Here’s a problem a colleague came to me with; they’ve got an R implementation that takes a day to run something and I said “just re-write it in Julia, I’m sure it’ll take minutes”.

A relatively simple re-write was indeed ~400x faster on my machine, but given the original problem is pretty large, and it’s a fairly short, easily describable problem of the type that many around here love I thought I’d see what Discourse thinks.

The problem is this:

There are P options, p of which can be selected by an individual, for a total of Q = \binom{P}{p} possible selections.
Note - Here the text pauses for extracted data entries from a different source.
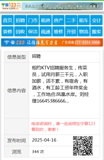 相约KTV招聘服务生,传菜员,试用月薪三千元,入职加薪,活不累,有宿舍,有酒水,有工龄工资年终奖金,工作地点:凤凰水岸。刘经理16645386666 【电话咨询时,请一定说明在伊春信息网看到的,谢谢!】 |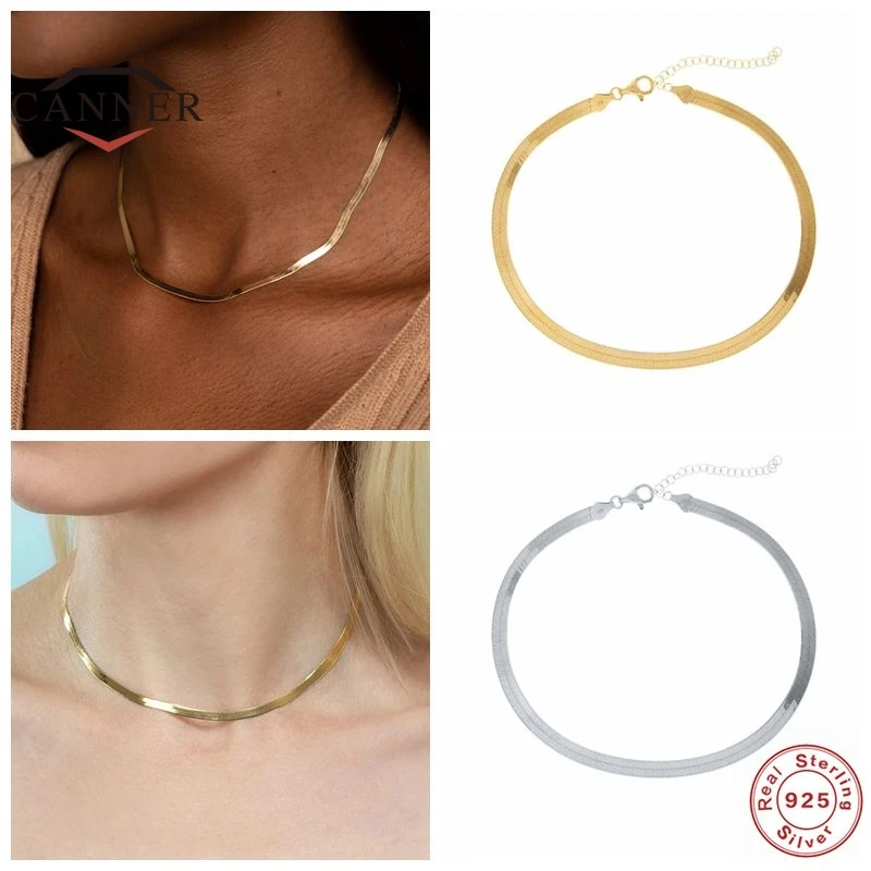 Цепочка-змейка женская из серебра 925 пробы, плоская, женское колье, чокер пробы
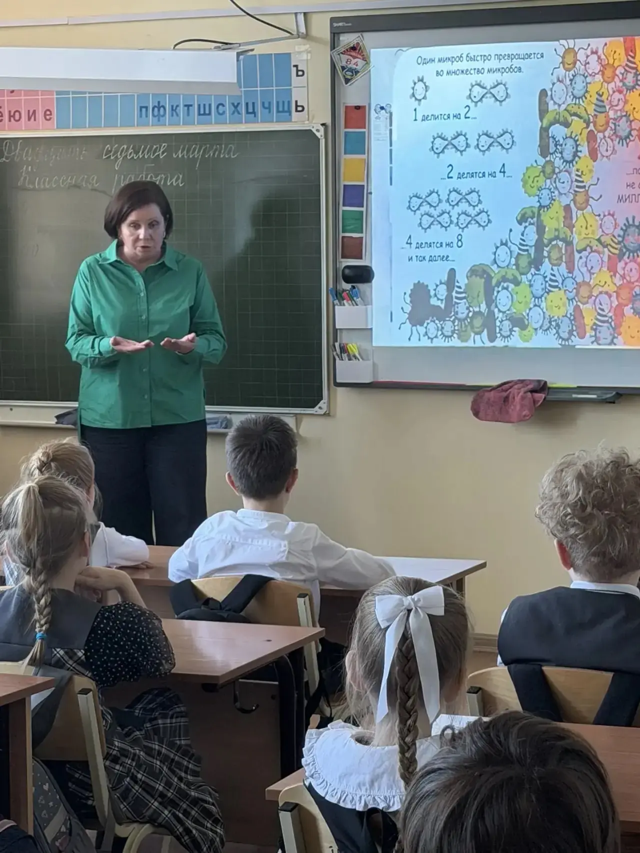 27 марта во 2Б классе прошло необычное занятие. В гостях у ребят побывала Светлана Геннадьевна Иванова — врач-эпидемиолог ФБУЗ «Центр гигиены и эпидемиологии Омской области».

We are given n<Q actual selections which have been made, and are looking to answer the question: for each q \in Q, what is the number of actual selections n_i which matches i = 0, 1, ..., p choices in q?

Here’s an example problem and my current implementation:

Problem setup:

```
using Chairmarks, Combinatorics, StaticArrays, StatsBase
P = 22 # Number of options
p = 5 # Number of selected options
Q = binomial(P, p) # Number of possible selections
all_selections_iterator = multiset_combinations(1:P, p) # Iterator over all combinations
# Dummy data for actual selections - assume ~1/4 are actually picked
actual_selections = unique([sort(sample(1:P, p, replace = false)) for _ ∈ 1:round(Int, Q ÷ 5)])
n = length(actual_selections)
```

My solution is to define a binary matrix D which has one row for each actual selection n and P columns, with each column holding a one in a row in which that particular option is chosen for a given selection (row). This is:

```
D = zeros(Int32, n, P)
for (i, c) ∈ pairs(actual_selections)
D[i, c] .= Int32(1)
end
```

Then the function which performs the actual work is this:

```
function all_matches(D, all_selections)
out = zeros(eltype(first(all_selections)), length(all_selections), length(first(all_selections))+1)
i = 0
@inbounds for combination ∈ all_selections
i += 1
for j ∈ 1:size(D, 1)
hits = zero(eltype(out))
for digit ∈ combination
hits += D[j, digit]
end
out[i, hits+1] += one(eltype(out))
end
end
out
end
```

which I think is pretty self explanatory: allocate a matrix `out`

of zeros of size (n \times p), then iterate through each possible selection q \in Q and for each q go through each actual selection n and increment the j-th column of `out`

by one if there are 0\leq j \leq p matching digits in the pair (n,q).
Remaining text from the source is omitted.